Recruitment Maneuver

The lung protective approach reported by Amato and colleagues (12) included the application of systematic sighs after tracheal suctioning, with the aim of avoiding harmful alveolar collapse. The rationale for using a recruitment maneuver is to forestall collapsed lung units, which suggests that this technique is effective when the lung has previously been derecruited. Several studies have demonstrated the effect of sighs on atelectasis observed during general anesthesia (19, 20). Pelosi and colleagues (33) investigated the effects of sighs on gas exchange in patients with acute lung injury. These investigators demonstrated that application of sighs during lung protective strategy could improve lung volume and oxygenation. These results indicate that a low VT strategy may not provide full lung recruitment despite the relatively high PEEP level (14 ± 2 cm H₂O) applied. A recent study confirmed these findings but also suggested that recruitment maneuvers were less efficient than PEEP increase (34). In our study, the increase in recruitment resulting from the recruitment maneuver was observed only during low VT ventilation. Interestingly, the same maneuver did not lead to any significant beneficial effect during CVT ventilation, indicating that the lung remained open and therefore was no longer recruitable.

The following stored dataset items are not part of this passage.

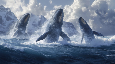 A pod of whales breaching the surface of the ocean, with massive tails and spouts creating a dramatic and awe-inspiring sight.
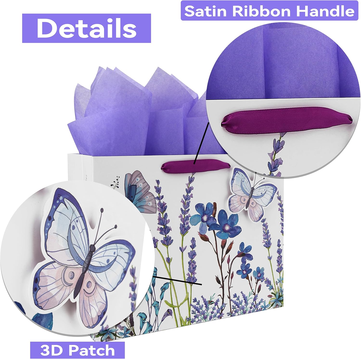 DISTINCTIVE DESIGN:Gift bag adorned with lavishly illustrated and subtly watercolored lavender and flowers, capturing the profound beauty of nature, while 3D butterfly in shades of blue add whimsy, symbolizing the ephemeral nature of beauty and infusing the design with a sense of lively movement.
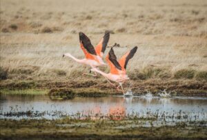 Flamencos en el campo Morro Chico de la familia Gallie en Santa Cruz. Un ecosistema saludable es fundamental para un sistema productivo sostenible. Crédito: Celine Frers.
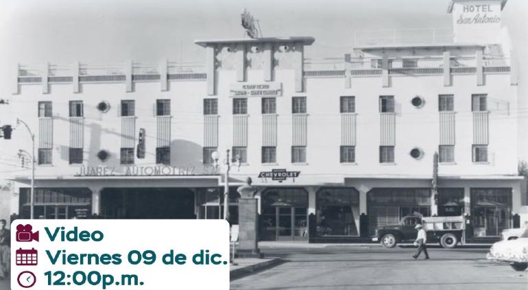 El viernes 9 de diciembre a las 12:00 horas la Dirección de Educación transmitirá la cápsula educativa que permitirá a los juarenses conocer la historia del Hotel San Antonio el cual estuvo ubicado en la avenida 16 de Septiembre frente al Mercado Juárez.
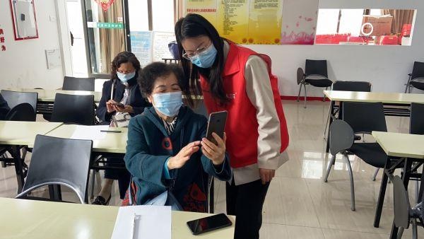 社区志愿者手把手教老人使用智能手机。邓倩 摄
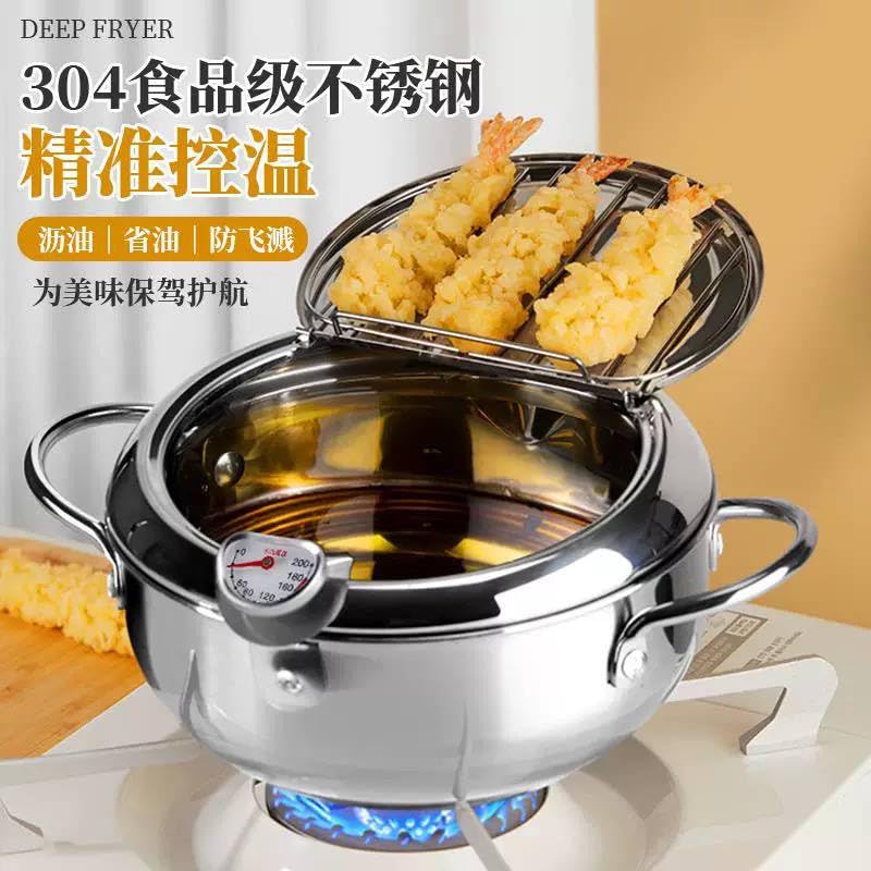 Generic - Stainless Steel Deep Fryer with Temperature Gauge and Draining Rack, 2.2L Capacity
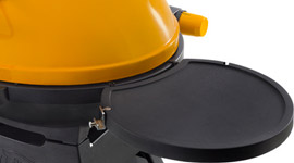 On either side of the cooking area convenient shelves add extra working space. These shelves are removable for easier storage and also include hooks where you can hang your barbeque tools while cooking.
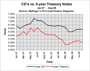 This article was posted on August 1, 1998. While US Treasury securities are easy to buy and commission free through a Treasury Direct account, investors willing to do some leg work can get higher yields from certificates of deposit (CD) with virtually the same US Government guarantee against losing your money. For the past 18 months the highest yielding 5-year CD available has beat a 5-year Treasury note from 37 to 94 basis points according to Kiplinger's Personal Finance magazine. ![]() Kiplinger's data included a nationwide survey of bank CDs with a minimum deposit of $10,000 or less. One point to remember, the data plotted here is for the highest yielding CD in the nation. The yields at your local bank may be less, often less that the yield on a Treasury security of the same maturity. Do FDIC insured CDs have the same government guarantee as Treasury securities? Almost. US Treasury securities are backed by the full faith and credit of the US Government with respect to principal and interest, up to any amount. FDIC insurance only covers accounts up to $100,000 and guarantees return of principal only. It does not guarantee interest payments. During the saving and loan crisis of the 1980's many depositers had to accept lower interest rates on their CDs after their bank failed and the new owners refused to continue to pay the high rate of interest promised by the previous owners. What if I need my money before maturity ? As most people know, CDs have substantial penalties for early withdrawal. Some full service brokerage firm offer CDs and maintain a market in them so that their customers can buy and sell them prior to maturity. Bid/asked spreads in these markets are typically larger than those found in the Treasury market. While these CDs are sometimes advertised as being "commission free", brokered CDs typicaly offer lower yields than those bought directly from the offering bank. The broker has to get his cut of the transaction somehow. A new service of the Treasury Direct program allows you to sell a Treasury security held in the account for a $34 commission. Taking advantage of the lower bid/asked spreads in the Treasury markets may make it cheaper to sell a Treasury security before maturity. Whether you buy CDs or Treasury securities, the best course of action is to create a laddered portfolio to lessen the chance you'll need to sell before maturity. Where can I get information on yields ? You can find the highest yielding CDs in the nation at the Bank Rate Monitor web site. Several publications like Kiplinger's Personal Finance and Money magazine also have information on the highest yielding CDs in the nation, but this data is often several weeks old by the time the magazine is on newsstands. |
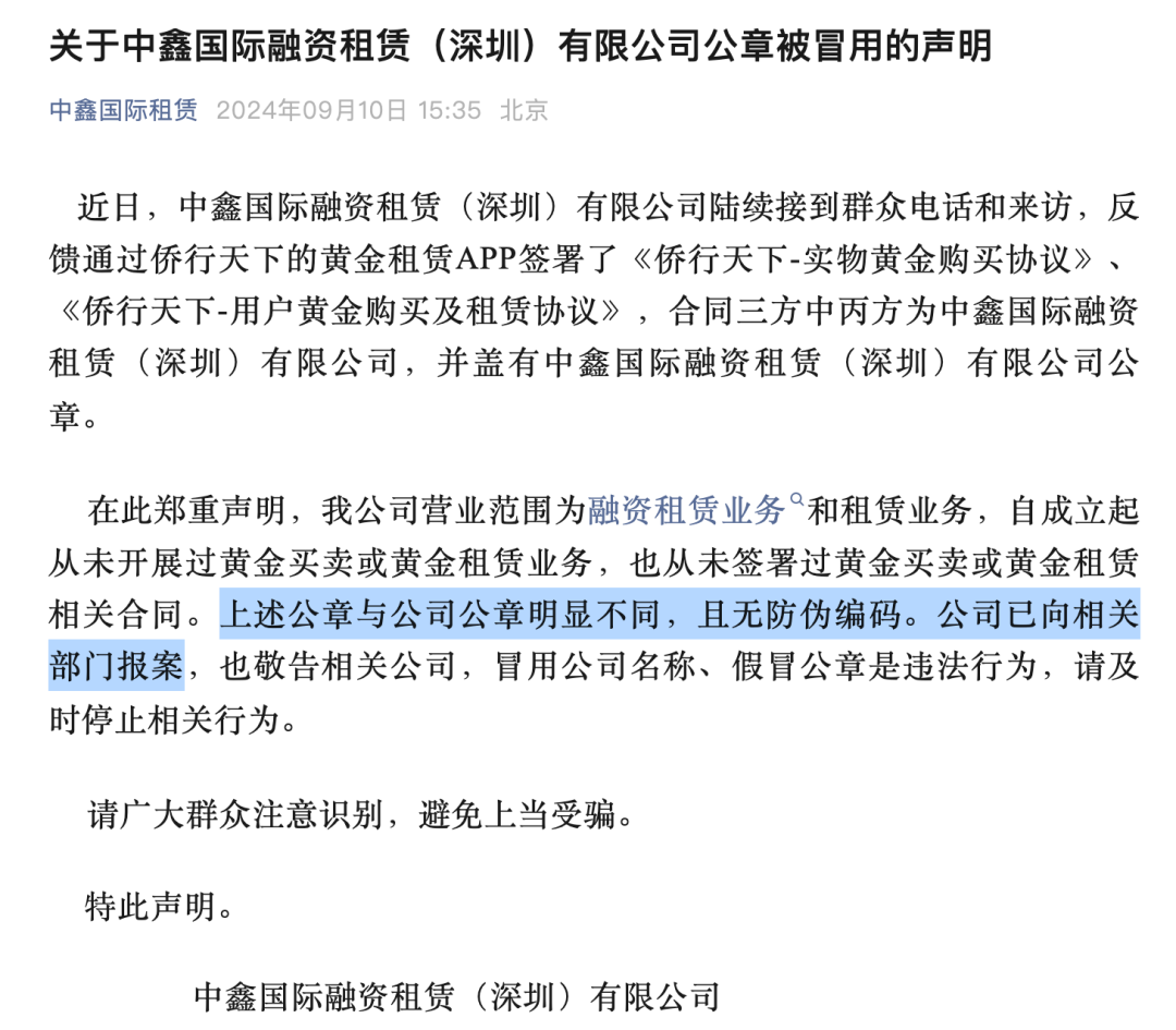 中鑫国际称,“我公司营业范围为融资租赁业务和租赁业务,自成立起从未开展过黄金买卖或黄金租赁业务,也从未签署过黄金买卖或黄金租赁相关合同。上述(侨行天下与投资者签署的黄金购买协议)公章与公司公章明显不同,且无防伪编码。公司已向相关部门报案。”

However, time effect of recruitment maneuver could not be evaluated since ventilatory settings were changed to higher PEEP level immediately after measurements.

In conclusion, the most relevant finding of this study was that a ventilatory strategy based on recent recommendations (i.e., limited VT and PEEP at or above Plip) leads to alveolar instability and lung collapse. These results suggest that a specific approach may be needed to prevent alveolar instability in the situation where strategies limiting end-inspiratory pressure and overdistension are used. In our study, increasing PEEP or performing a recruitment maneuver appear as two possible strategies to counteract low VT-induced derecruitment.